The number of initial jobless claims filed during the past week also dropped to 326,000, the most in three months, and indicated further recovery in the country’s job market.
Meanwhile, the U.S. Senate on Thursday approved legislation to temporarily raise the federal government’s $28.4 trillion debt limit and avoid the risk of default within the month.

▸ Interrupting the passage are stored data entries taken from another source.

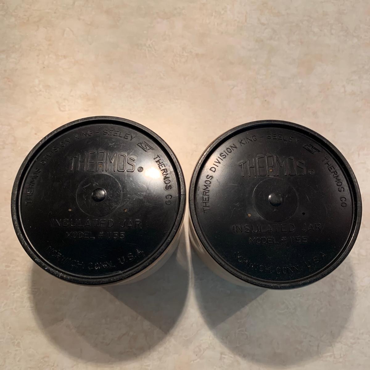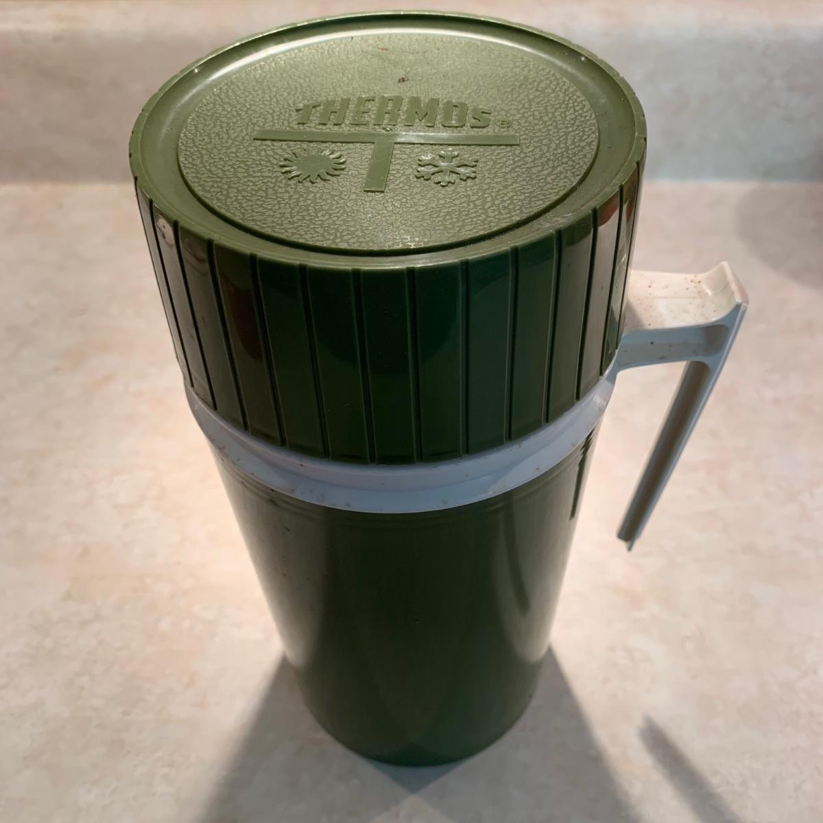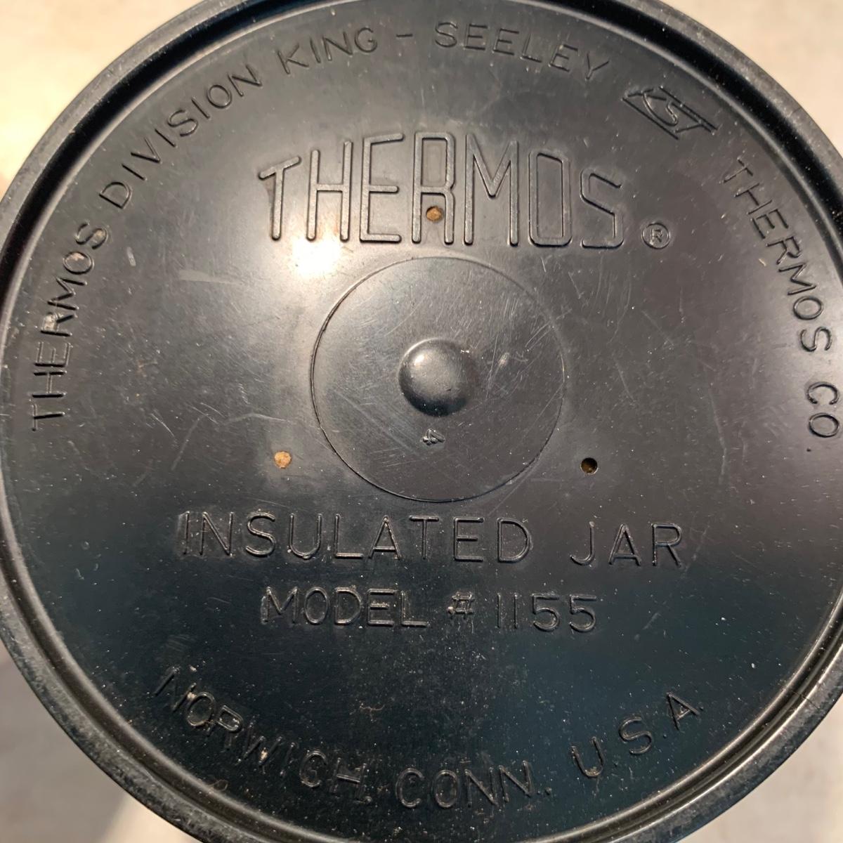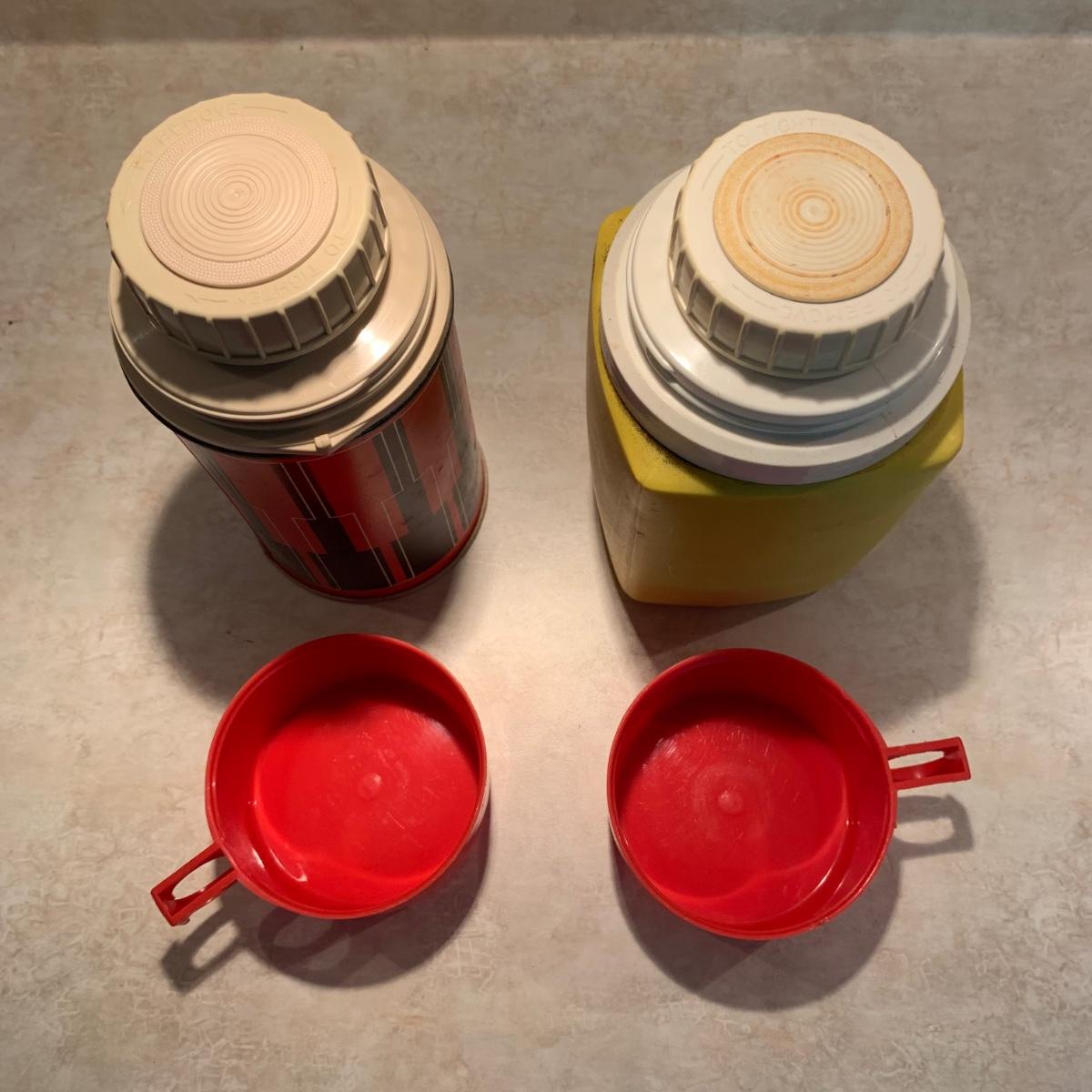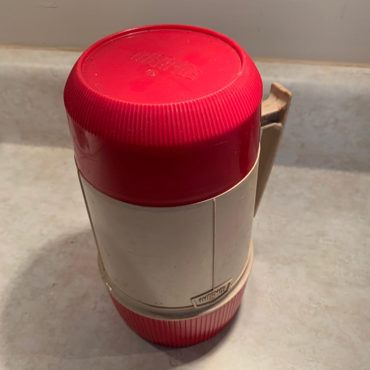 Vintage thermos lot includes six Thermos brand mugs and jars, one Aladdin brand Vanguard thermos bottle, and a Thermo Serv Insulated Coffee Maker. Five of the Thermos items are plastic, whereas the red and black one is a metal container. The Aladdin bottle is 12” tall and the small Thermos jars are 3.5” tall. The Thermo Serv Insulated Coffee Maker comes with filters and instructions. The items show some wear due to their age, but otherwise seem to be in very good condition. Shipping available.
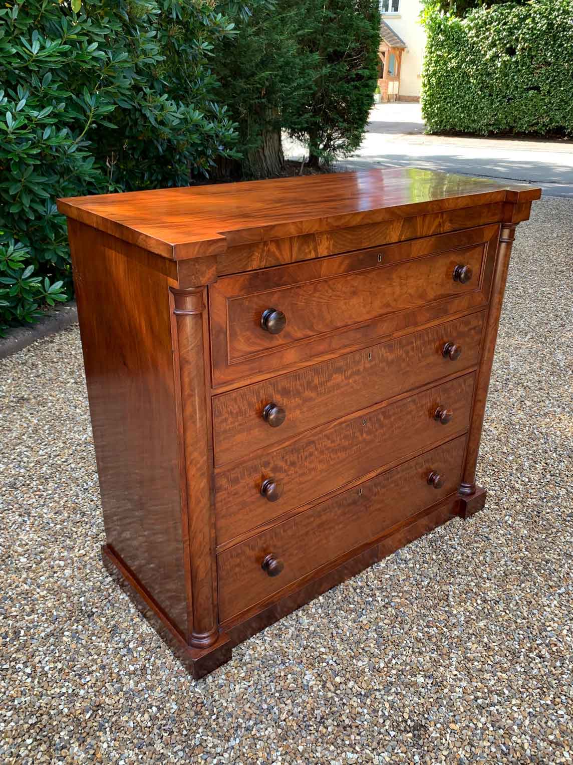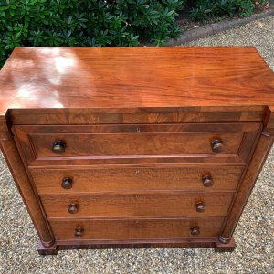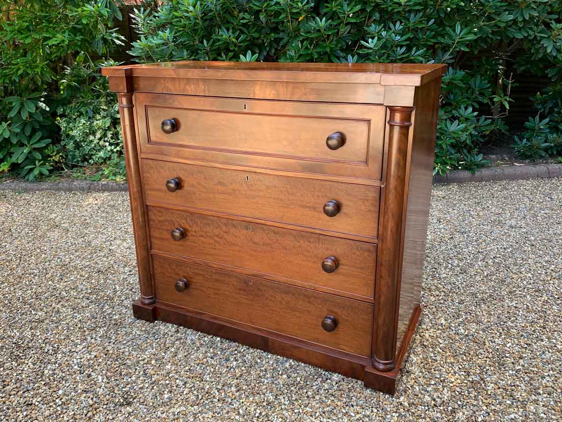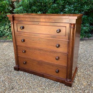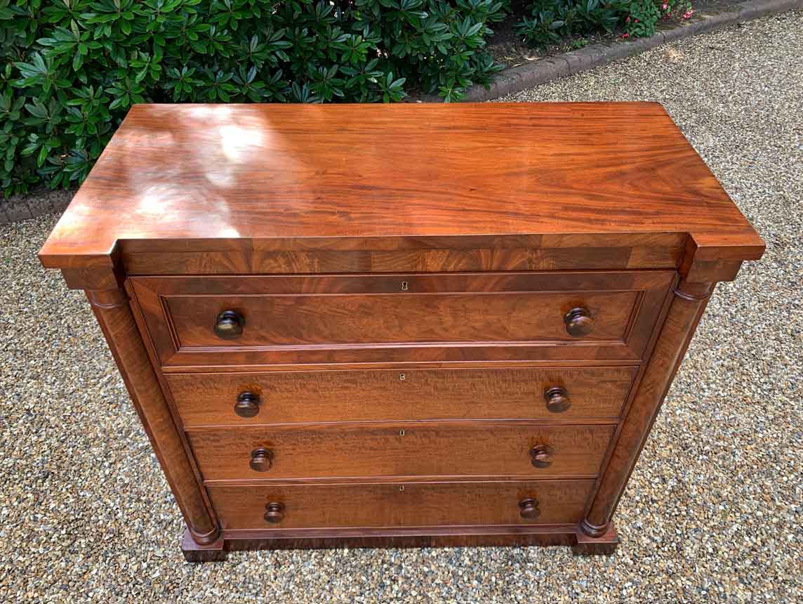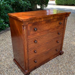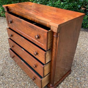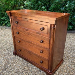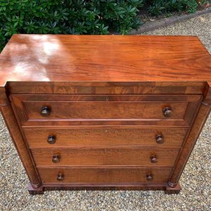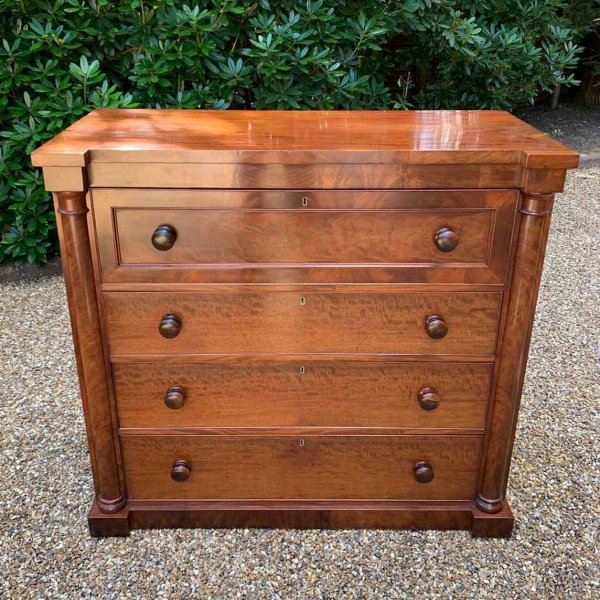 19th Century Mahogany Chest of Drawers with four long graduated drawers and turned Rosewood handles, flanked by spilt turned columns on a plinth base.
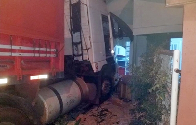 A carreta atingiu um veículo de passeio que estava na garagem da residência, fazendo com que o mesmo quebrasse a parede e invadisse a cozinha.
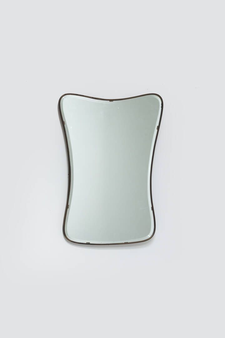 Bordo in ottone e vetro specchiato. Anni '50 cm 71x50
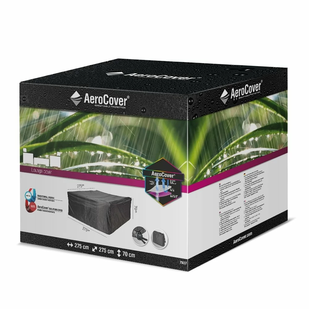 AeroCover loungesethoes. Ademende loungesethoes vierkant voor loungesets 275x275xH70. O.a. geschikt voor loungesets met meerdere elementen of hoeksets met hoge tafel. AeroCovers zijn ademend, waterbestendig, reduceren condensvorming en gaan schimmelvorming tegen. De stof heeft een hoge kleurechtheid dankzij de door en door geverfde vezels. Een AeroCover hoes verlengt de levensduur van uw tuinmeubelen. AeroCovers zijn vervaardigd van sterk en lichtgewicht ripstop polyester. Ze zijn makkelijk hanteerbaar en nemen weinig ruimte in wanneer niet in gebruik. De afdekhoes is voorzien van rijgkoord met 2 stoppers voor een goede pasvorm. Inclusief handige opbergtas. AeroCover stoffen zijn 100% waterdicht, de naden zijn, net als elke ander hoes, spatwaterdicht.
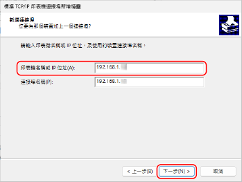 顯示 [標準 TCP/IP 印表機連接埠新增精靈] 畫面。
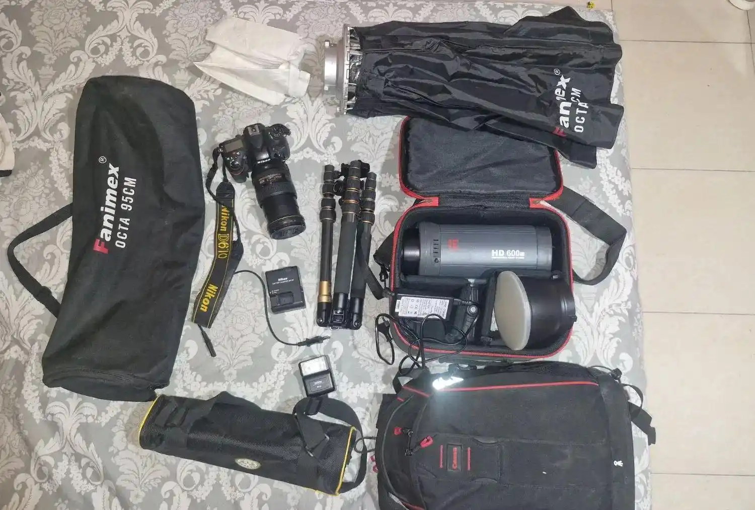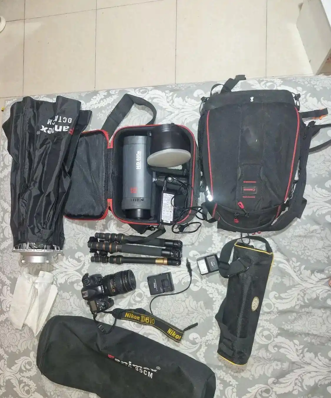دوربین حرفه ای نیکون دی 610 فول فریم F1 با لنز 120-24 نیکون و تجهیزات شامل نور،چتر،سه پایه،کیف کوله ای،سافت باکس و رم دوربین ب فروش میرسد. با دوربین فیلمبرداری اصلا انجام نشده فقط عکاسی شده بسیار کم کار فروش فوری فوری

It will put off a longer-term solution until early December 2021.
The safe-haven dollar hovered below a one-year high to major peers on Friday amid improved risk sentiment, while traders awaited clues on the pace of Federal Reserve policy normalization from a closely watched monthly payrolls reports.
The risk-sensitive Australian dollar held near the three-week high hit overnight, when it surged 0.55% against the greenback.
Global equities rallied and bond yields climbed after U.S. Senate leaders moved to avert a U.S. debt default, while a global easing in energy prices tempered simmering stagflation fears.
“The improvement in risk appetite favours pro-growth currencies, with safe-haven pairs the underperformers,” Rodrigo Catril, senior FX strategist at National Australia Bank (OTC:NABZY) in Sydney, wrote in a client note.
The Aussie has made “a decent go at breaking higher,” but the test will be whether it can stay about $0.7315 following several failed attempts this year, Catril said.
Oil prices rose on Friday, tracking towards a 4.5% gain for the week on signs some industries have begun switching fuel from high-priced gas to oil and on doubts the U.S. government would release oil from its strategic reserves for now.
“A lot of catalysts are out there to keep the oil market tight,” said Edward Moya, a senior market analyst at brokerage OANDA, pointing to signs of improved fuel demand as economic activity rebounds and coronavirus restrictions ease as well as fears that a cold winter will further strain gas supplies.
Expectations are high “that nothing in the immediate future will change the significant supply/demand deficit that is in place”, said Moya.
Brent crude futures jumped 93 cents, or 1.1%, to $82.88 a barrel by 0503 GMT.
U.S. West Texas Intermediate (WTI) crude futures climbed by $1.02, or 1.3%, to $79.32 a barrel.
Earlier in the week, WTI touched a near seven-year high of $79.78 while Brent hit a three-year high of $83.47.
“Oil prices lifted after the U.S Energy Department said it has no plan ‘at this time’ to tap into U.S. strategic oil reserves to cool the rally in oil prices,” Commonwealth Bank analyst Vivek Dhar said in a note.